DMI Blog

Amy Traub

Who is Erisa, and why won’t she let me see a doctor?

One of the most maddening aspects of the nation’s current financial crisis is how many people saw the problems brewing, but were prevented from doing anything about it. Dozens of states acted over the years to ban the predatory lending at the heart of the mortgage crisis, only to have their laws pre-empted by the federal government. As Progressive States Network explains, the Federal Reserve both failed to implement federal legislation intended to rein in predatory lending and insisted that the existence of the federal law meant states couldn’t act on their own. Today we’re living with the results.

And we’re seeing something similar happen with health care. In 2006, Maryland passed a law requiring the state’s very largest employers to provide their employees with health coverage or pay into a state health fund. The law targeted Wal-Mart, which was raking in profits even as it advised employees to rely on the state Medicaid system for their medical needs. Courts struck down Maryland’s Fair Share for Health Care law arguing that it conflicted with ERISA, the federal law governing health and retirement plans. A similar thing happened in Nassau County, New York. Washington isn’t solving the nation’s health care crisis, but it is blocking states and cities from acting on their own.

But on this front we get a bit of good news in an otherwise gloomy week: a Federal Appeals court overturned a lower court ruling against San Francisco’s pioneering health plan.

The new verdict? Healthy San Francisco, which requires businesses with more than 20 employees to provide health coverage to employees or pay into a city fund that provides medical care at public and private hospitals does not violate ERISA. That means 25,000 San Franciscans who used to be uninsured can continue getting health care and the city can continue its efforts to sign up more residents. (For a really in-depth look at the city policy, click here) The ruling provides support for other states and cities to demand employer support for their own health plans. In the meantime, the Golden Gate Restaurant Association, which opposes the bill, may appeal all the way to the Supreme Court.

On health care, the real solution is federal action, not a patchwork of state and city laws. But whether it’s fair lending, health coverage, or regulations of dangerous consumer goods, the least we can do is give local governments the ability to solve problems where the federal government won’t. That means stopping the pre-emption of state and local laws except where Congress specifically states that pre-emption is intended. DMI Civil Justice Fellow Kia Franklin has more to say on that.

Amy Traub: Author Bio | Other Posts
Posted at 3:02 PM, Oct 02, 2008 in Cities | Civil Justice | Health Care
Permalink | Email to Friend | Comments (2)


Comments

I think this essay and the one by Kia Franklin it links to
oversimplify a complex problem. Federal preemption of state law is not, in and of itself, good or evil. Instead, it's a principle to prevent patch-work state-by-state social solutions where Congress has acted to create a national scheme.

Congress has been in the hands of extreme right-wing Republicans for 14 of the last 16 years.
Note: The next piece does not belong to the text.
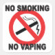 No Smoking No Vaping warning sign sticker with icons for cigarette and e-cigarette and red slash.
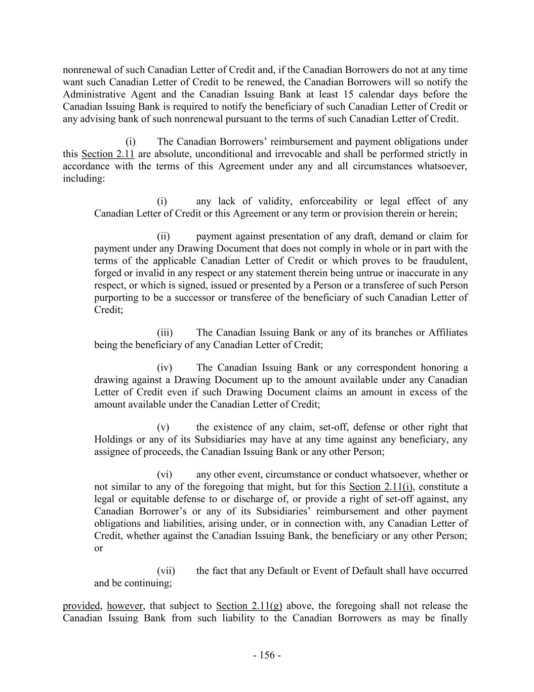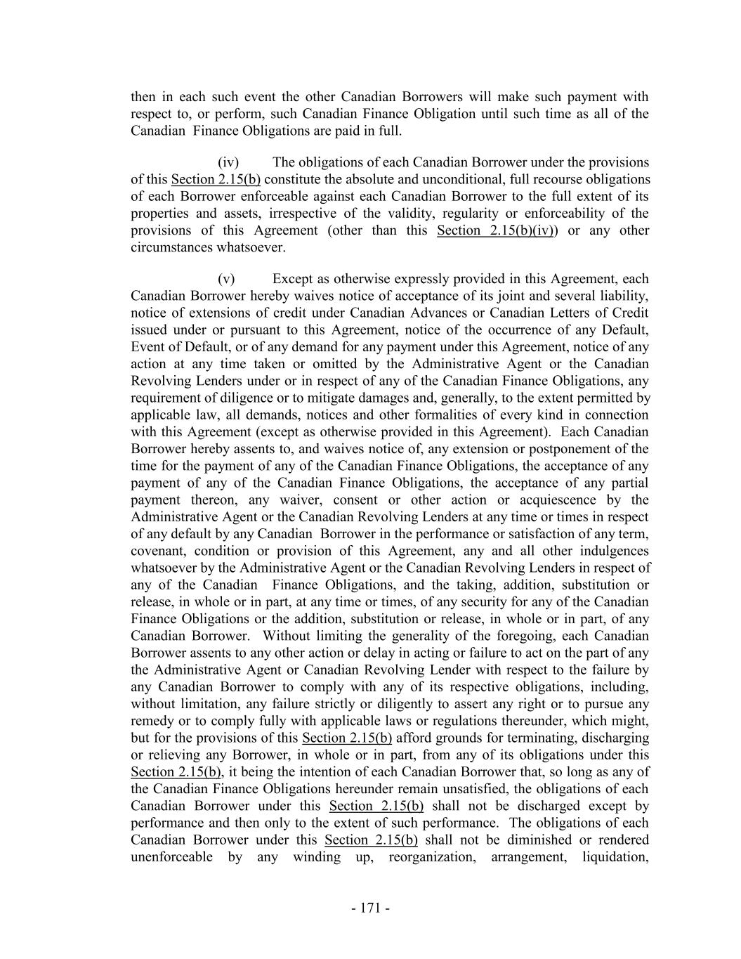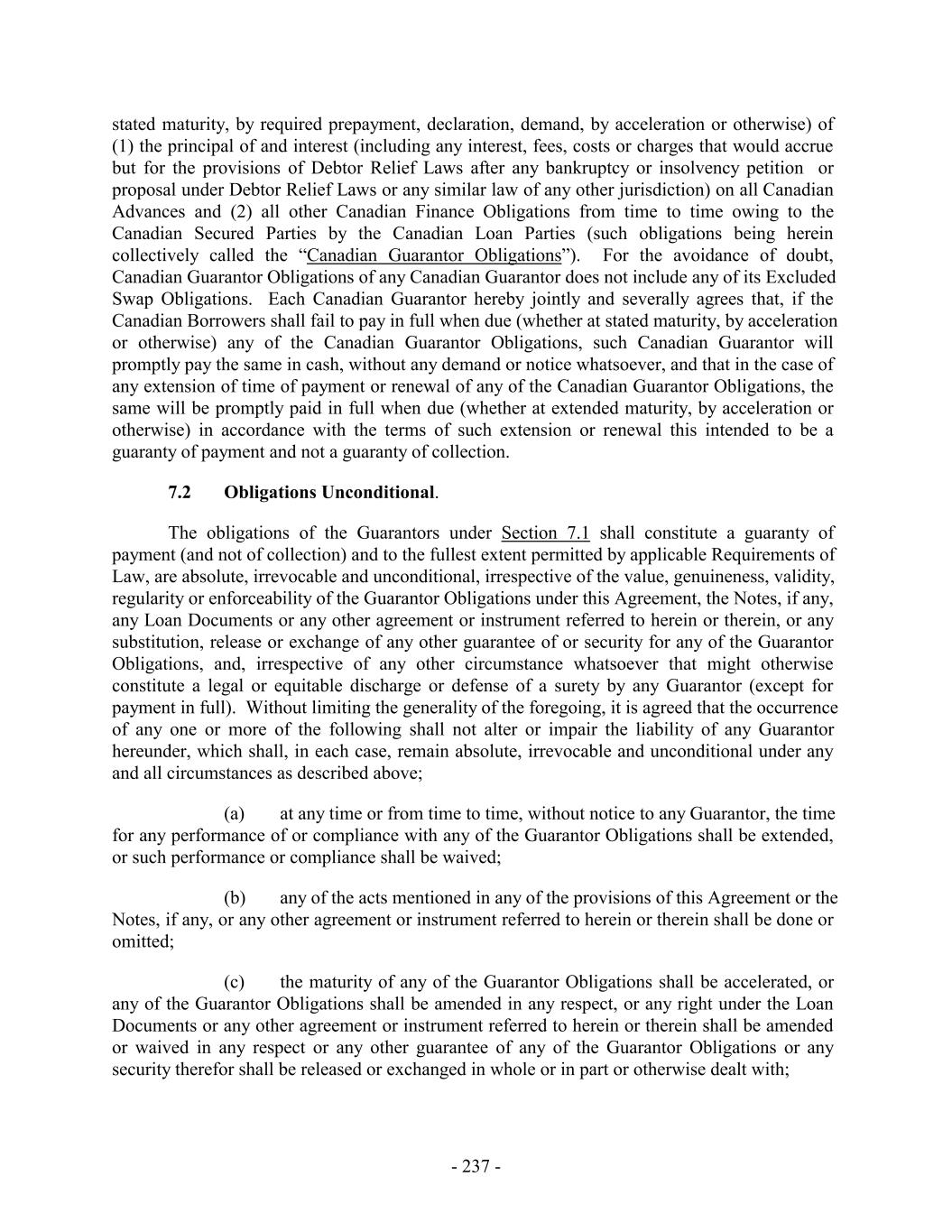 stated maturity, by required prepayment, declaration, demand, by acceleration or otherwise) of (1) the principal of and interest (including any interest, fees, costs or charges that would accrue but for the provisions of Debtor Relief Laws after any bankruptcy or insolvency petition or proposal under Debtor Relief Laws or any similar law of any other jurisdiction) on all Canadian Advances and (2) all other Canadian Finance Obligations from time to time owing to the Canadian Secured Parties by the Canadian Loan Parties (such obligations being herein collectively called the “Canadian Guarantor Obligations”). For the avoidance of doubt, Canadian Guarantor Obligations of any Canadian Guarantor does not include any of its Excluded Swap Obligations. Each Canadian Guarantor hereby jointly and severally agrees that, if the Canadian Borrowers shall fail to pay in full when due (whether at stated maturity, by acceleration or otherwise) any of the Canadian Guarantor Obligations, such Canadian Guarantor will promptly pay the same in cash, without any demand or notice whatsoever, and that in the case of any extension of time of payment or renewal of any of the Canadian Guarantor Obligations, the same will be promptly paid in full when due (whether at extended maturity, by acceleration or otherwise) in accordance with the terms of such extension or renewal this intended to be a guaranty of payment and not a guaranty of collection. 7.2 Obligations Unconditional. The obligations of the Guarantors under Section 7.1 shall constitute a guaranty of payment (and not of collection) and to the fullest extent permitted by applicable Requirements of Law, are absolute, irrevocable and unconditional, irrespective of the value, genuineness, validity, regularity or enforceability of the Guarantor Obligations under this Agreement, the Notes, if any, any Loan Documents or any other agreement or instrument referred to herein or therein, or any substitution, release or exchange of any other guarantee of or security for any of the Guarantor Obligations, and, irrespective of any other circumstance whatsoever that might otherwise constitute a legal or equitable discharge or defense of a surety by any Guarantor (except for payment in full). Without limiting the generality of the foregoing, it is agreed that the occurrence of any one or more of the following shall not alter or impair the liability of any Guarantor hereunder, which shall, in each case, remain absolute, irrevocable and unconditional under any and all circumstances as described above; (a) at any time or from time to time, without notice to any Guarantor, the time for any performance of or compliance with any of the Guarantor Obligations shall be extended, or such performance or compliance shall be waived; (b) any of the acts mentioned in any of the provisions of this Agreement or the Notes, if any, or any other agreement or instrument referred to herein or therein shall be done or omitted; (c) the maturity of any of the Guarantor Obligations shall be accelerated, or any of the Guarantor Obligations shall be amended in any respect, or any right under the Loan Documents or any other agreement or instrument referred to herein or therein shall be amended or waived in any respect or any other guarantee of any of the Guarantor Obligations or any security therefor shall be released or exchanged in whole or in part or otherwise dealt with; - 237 -

In many places, progressives have turned to state legislatures to address social crises where Congress -- devoted only to the welfare of the wealthiest -- has declined to act. That strategy has significant weaknesses one of which has been to subject a string of state initiatives to veto by Federal Courts. The fault lies less in our courts than in our political weakness in Congress. (It is course possible, current polls seems to tell us, that this weakness may soon end.)

Now that a significant progressive majority seems immanent. it would be a mistake -- in my view -- to support a statutory limit on federal preemption. That would only create a safe harbor for right-wingers in those few states where, in the new year, they'll retain political sway.

I suggest, therefore, better crafted state solutions to, for example, the lack of health insurance than those proposed for NY & MD and more political action to make national health insurance solutions less wishful and more feasible.

Posted by: Daniel Millstone | October 2, 2008 05:57 PM

I appreciate your thoughtful response, Daniel. However, I believe state and local innovation will always have a role to play no matter how progressive Congress may be. The history of states as "laboratories for democracy" extends far beyond the most recent period of conservative domination in Congress, after all.

Of course, there's also a dark side to state legislation -- we can't forget Jim Crow segregation. One way to ensure that a federal preemption statute doesn't "create a safe harbor for right-wingers" in state governments as you warn would be for federal law to explicitly create floors but not ceilings for state and local action to protect consumers, workers, and the environment. Federal minimum wage law is a good example of this approach.

I would never argue against more political action to make national health insurance solutions more feasible, but I would suggest that, rather than more carefully circumscribed state statutes, we need a well-crafted federal law that requires Congress to state explicitly when and under what circumstances it intends federal legislation to preempt state law. A Congress with the progressive majority you foresee should have no problem creating workable floors without bricking up the ceiling.